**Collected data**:
------------------------------

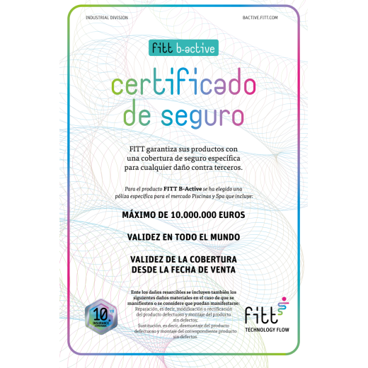 FITT B-Active aumenta la seguridad, el funcionamiento y la duración de las instalaciones de piscinas enterradas porque está diseñada y realizada para garantizar: RESISTENTE, GARANTIZADA, SEGURA.
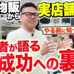 古着店の背後に並ぶ服を背景にノートPC越しで複数販路について説明する様子(テロップ:僕も複数販路に切り替えています)
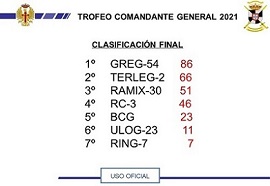 En todos ellos el GREG 54 se ha subido al pódium, obteniendo el primer puesto en cinco y en tres el subcampeonato, lo que le ha llevado a alzarse con el primer puesto en la clasificación final con una puntuación de 86 puntos, 20 por encima del segundo clasificado, el TERLEG-2. El RAMIX-30 se ha hecho con la tercera posición, con 51 puntos.
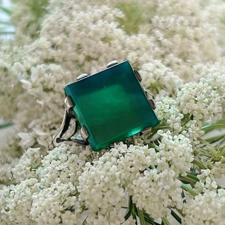台座はシルバーに金メッキが施されたようですが、経年によってリング部分はほんのりと金が感じられる落ち着いた質感になり、光を帯びた緑の石の周辺に薄く金色が残る景色は、これはもう古いものでしか味わえない特別な姿です。
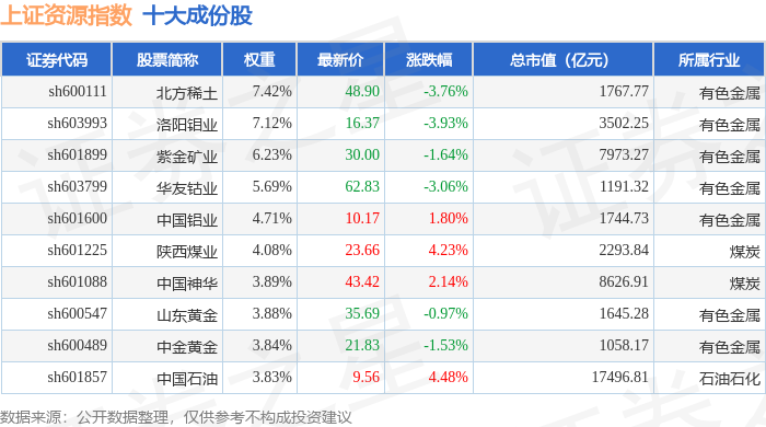 证券之星消息,11月3日,上证资源(000068)指数报收于3830.37点,跌0.16%,成交693.29亿元,换手率0.92%。当日该指数成份股中,上涨的有28家,中煤能源以5.45%的涨幅领涨,下跌的有19家,广晟有色以4.92%的跌幅领跌。
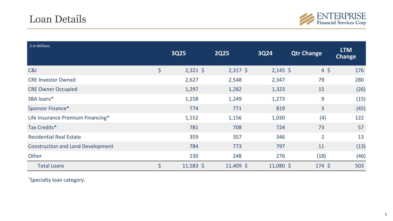 4 Financial Highlights, continued - 3Q25* *Comparisons noted below are to the linked quarter unless otherwise noted. **A Non-GAAP Measure, Refer to Appendix for Reconciliation. Loans & Deposits • Loans $11.6 billion, up $174.3 million • Loan/Deposit Ratio 85.4% • Sold $22.2 million of SBA loans, gain of $1.1 million • Deposits $13.6 billion, up $250.6 million or $240.5 million excluding brokered CDs • Noninterest-bearing Deposits/Total Deposits 32% Asset Quality • Nonperforming Loans/Loans 1.10% • Nonperforming Assets/Assets 0.83% • Allowance Coverage Ratio 1.29%; 1.40% adjusted for guaranteed loans** • Net Charge-Offs $4.1 million
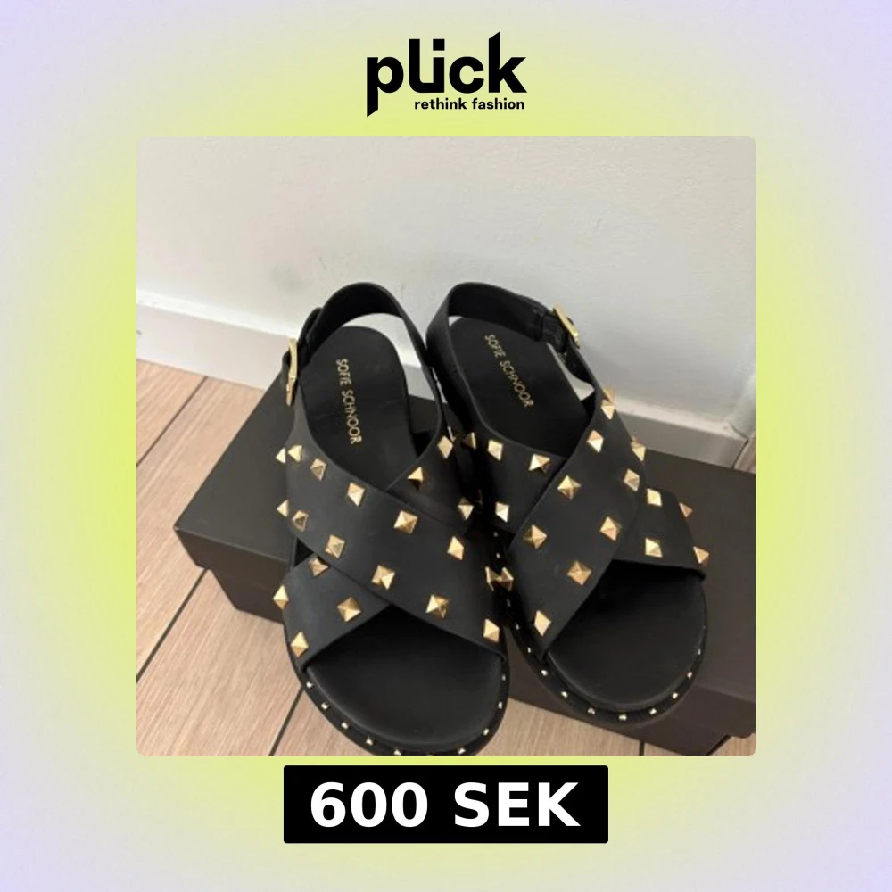 Svarta sandaler från Sofie Schnoor med breda korslagda remmar och coola guldiga nitar över hela skon. Justerbart spänne i sidan och platt sula. Tillverkade i skinn för en lyxig känsla och edgy look. Inköpta för 1200kr
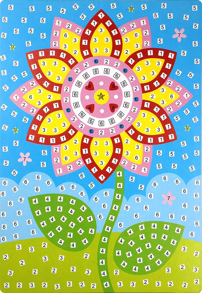 Dostępne: 505 Sztuk Lub zamów telefoniczne: 690 216 578Mozaika piankowa, wzór: KWIATEK, wymiary planszy do wyklejenia: 16,3 x 23,4 cm, stojak na obrazek.
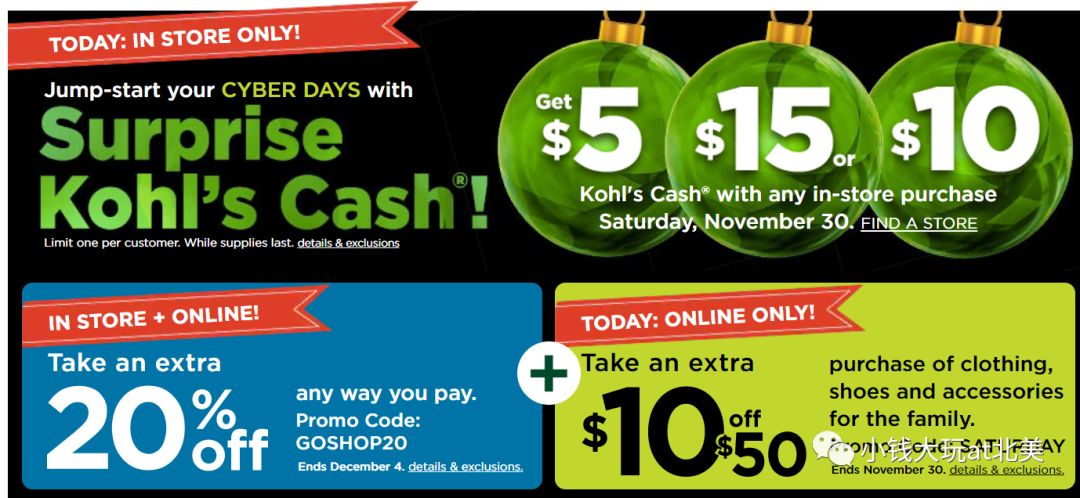 kohl’s家黑五的活动是到11月29日,30日(今天)开始就是cyber monday的活动了。它家新一轮的活动主要是:
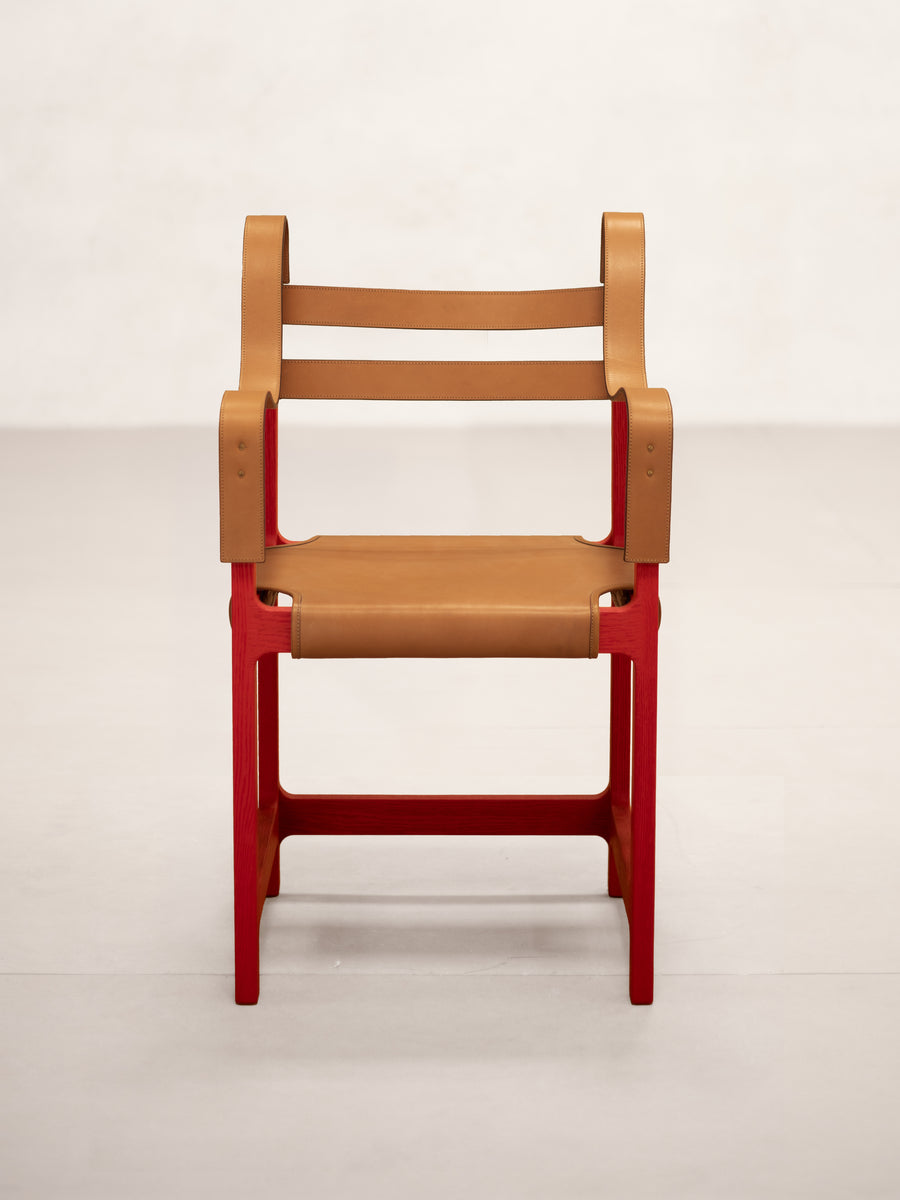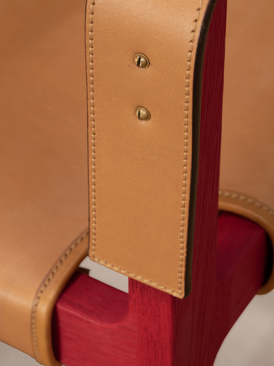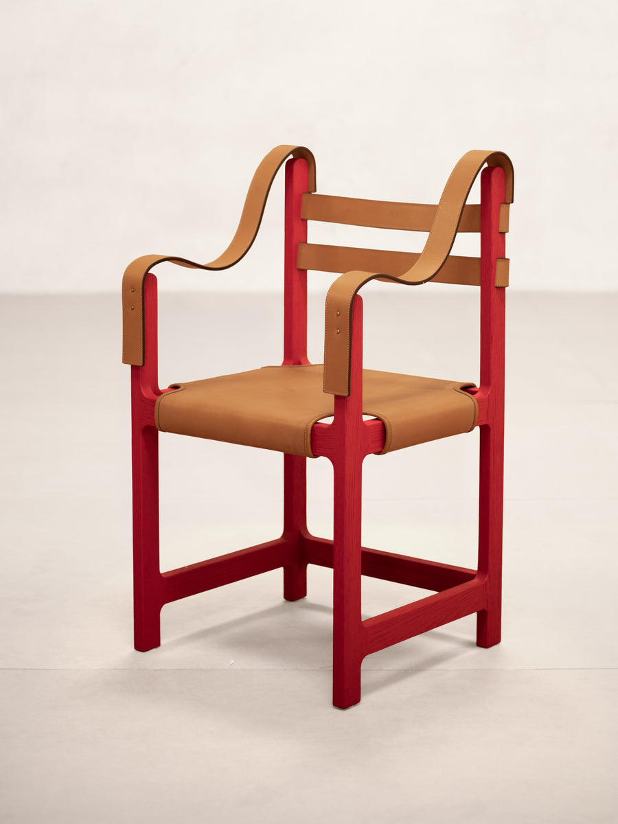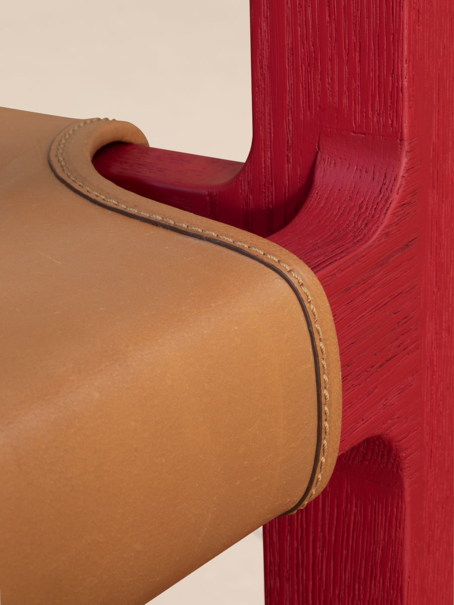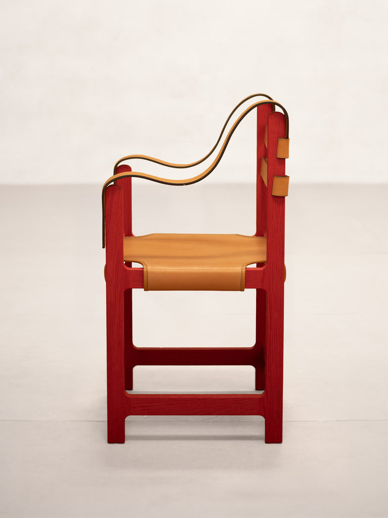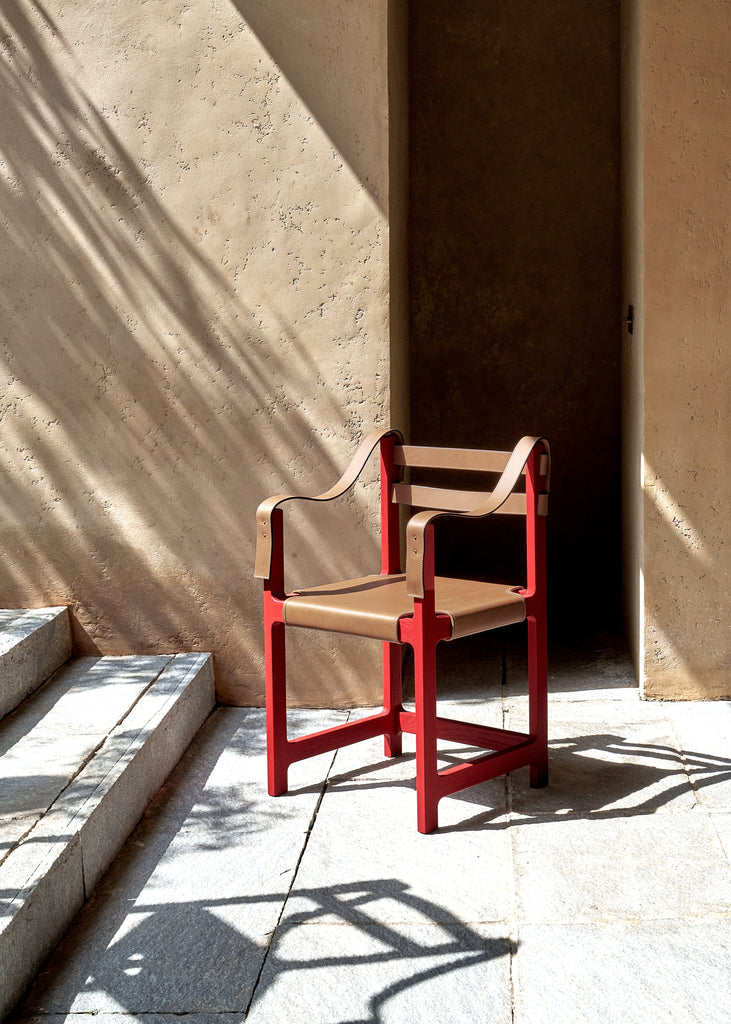 The original chair was likely tailored to Bawa’s own stature, as he stood well over six feet tall. The re-edition by Phantom Hands has been adjusted for greater comfort across a range of body types. The locally sourced tan coloured leather of the original has been replaced with high-quality Indian buffalo leather of a similar colour, sourced from J & R Guram, the renowned campaign furniture makers based in Delhi. The frame is crafted from North American red oak, chosen for its strength, environmental credentials, and ability to take colour. The wood is lightly brushed for a tactile feel, painted red in a RAL 3002 shade to match the original and sealed with an eco-friendly, water-based finish.
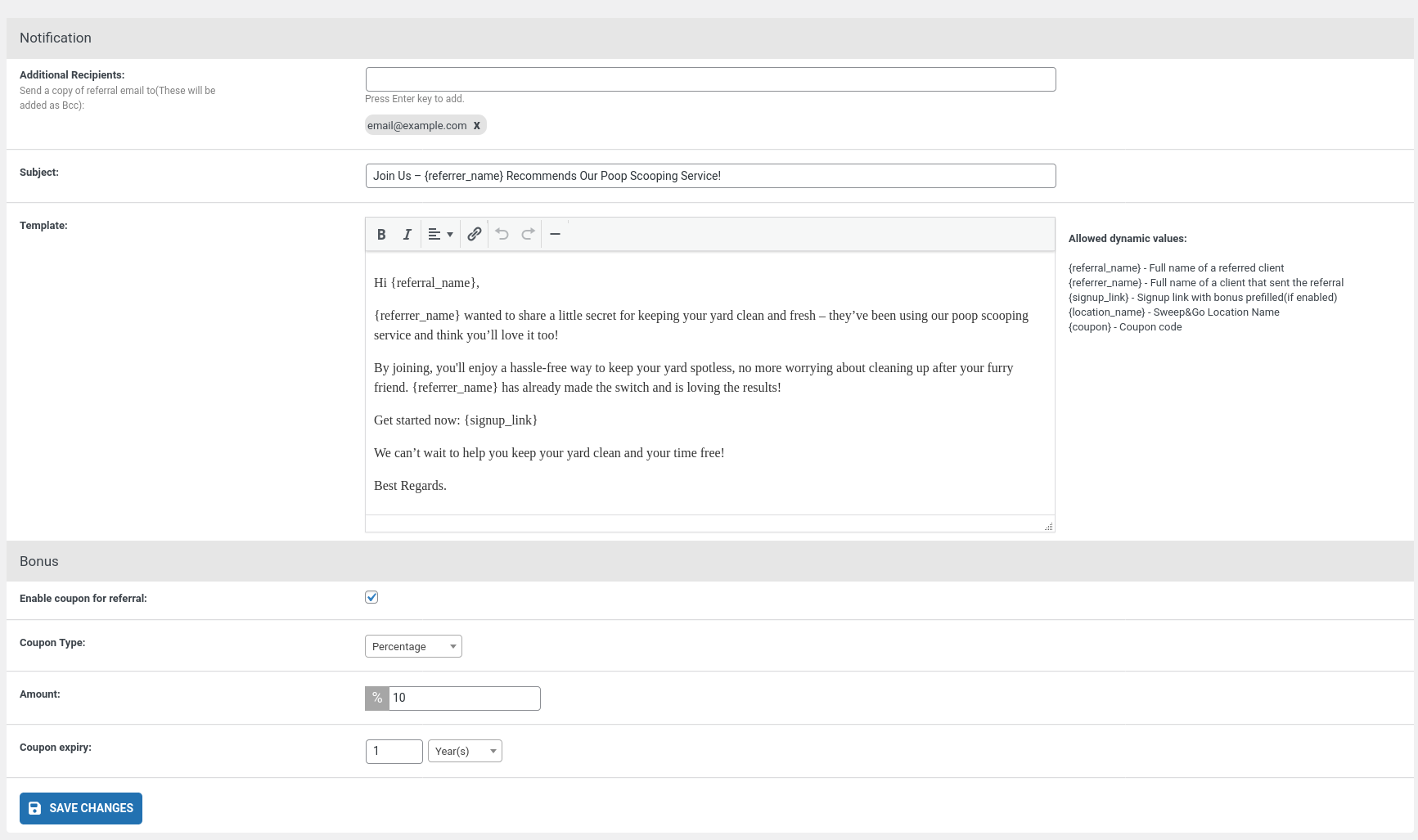 {referral_name}: Full name of the referred client.{referrer_name}: Full name of the client sending the referral.{signup_link}: Signup link with a prefilled bonus (if enabled).{location_name}: Sweep&Go location name.{signup_link}: Link to your onboarding form with coupon automatically applied(if applicable).
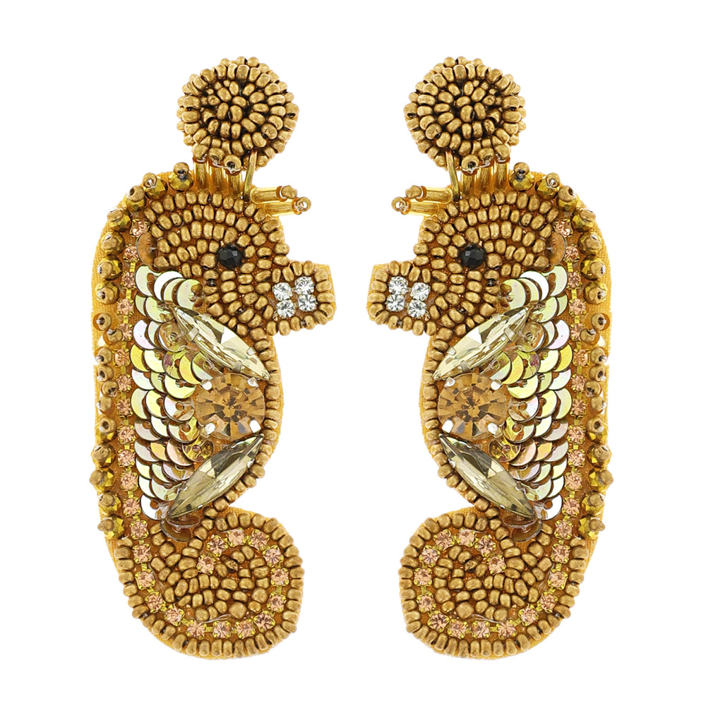 Seahorse Seed Bead Handmade Nautical Sea Life Beadwork Drop Dangle Earrings
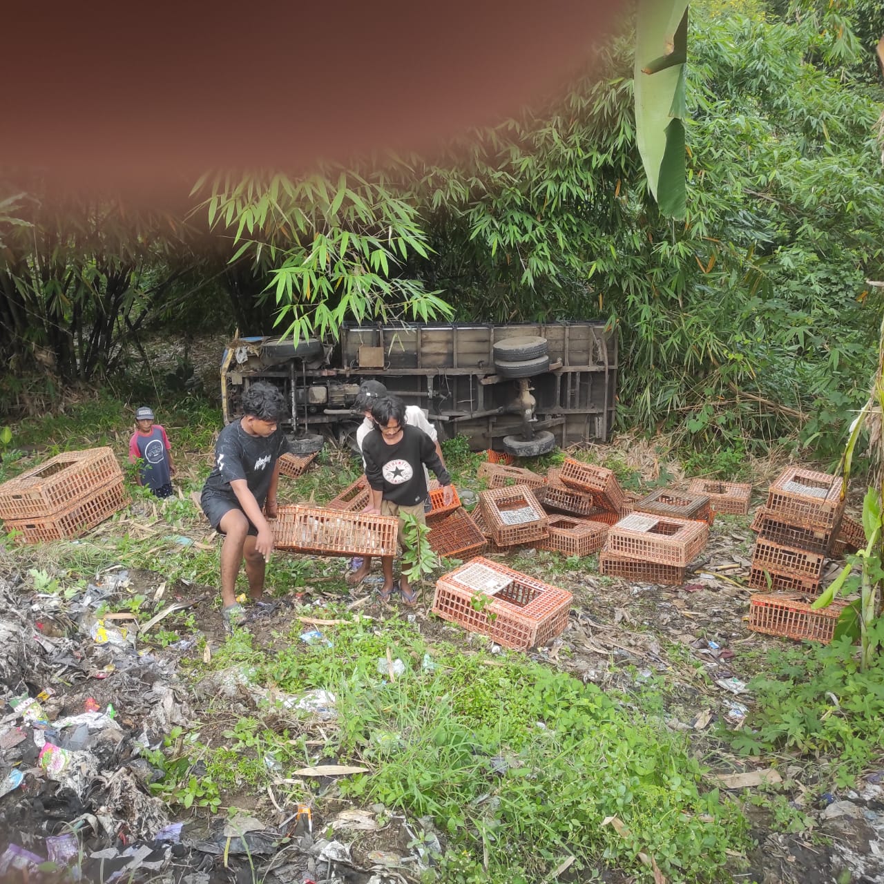 Proses evakuasi kendaraan dan ratusan ekor ayam yang sempat berhamburan telah ditangani oleh petugas bersama warga. (ozy)

------------------------------

**What is being asked**: Looking above, find the stretch of lines that opens with the one holding "证券之星消息,11月3日,上" and closes with the one holding "The original chair". Copy it exactly, pictures excluded.

**Exercise response**:
 证券之星消息,11月3日,上证资源(000068)指数报收于3830.37点,跌0.16%,成交693.29亿元,换手率0.92%。当日该指数成份股中,上涨的有28家,中煤能源以5.45%的涨幅领涨,下跌的有19家,广晟有色以4.92%的跌幅领跌。
 4 Financial Highlights, continued - 3Q25* *Comparisons noted below are to the linked quarter unless otherwise noted. **A Non-GAAP Measure, Refer to Appendix for Reconciliation. Loans & Deposits • Loans $11.6 billion, up $174.3 million • Loan/Deposit Ratio 85.4% • Sold $22.2 million of SBA loans, gain of $1.1 million • Deposits $13.6 billion, up $250.6 million or $240.5 million excluding brokered CDs • Noninterest-bearing Deposits/Total Deposits 32% Asset Quality • Nonperforming Loans/Loans 1.10% • Nonperforming Assets/Assets 0.83% • Allowance Coverage Ratio 1.29%; 1.40% adjusted for guaranteed loans** • Net Charge-Offs $4.1 million
 Svarta sandaler från Sofie Schnoor med breda korslagda remmar och coola guldiga nitar över hela skon. Justerbart spänne i sidan och platt sula. Tillverkade i skinn för en lyxig känsla och edgy look. Inköpta för 1200kr
 Dostępne: 505 Sztuk Lub zamów telefoniczne: 690 216 578Mozaika piankowa, wzór: KWIATEK, wymiary planszy do wyklejenia: 16,3 x 23,4 cm, stojak na obrazek.
 kohl’s家黑五的活动是到11月29日,30日(今天)开始就是cyber monday的活动了。它家新一轮的活动主要是:
 The original chair was likely tailored to Bawa’s own stature, as he stood well over six feet tall. The re-edition by Phantom Hands has been adjusted for greater comfort across a range of body types. The locally sourced tan coloured leather of the original has been replaced with high-quality Indian buffalo leather of a similar colour, sourced from J & R Guram, the renowned campaign furniture makers based in Delhi. The frame is crafted from North American red oak, chosen for its strength, environmental credentials, and ability to take colour. The wood is lightly brushed for a tactile feel, painted red in a RAL 3002 shade to match the original and sealed with an eco-friendly, water-based finish.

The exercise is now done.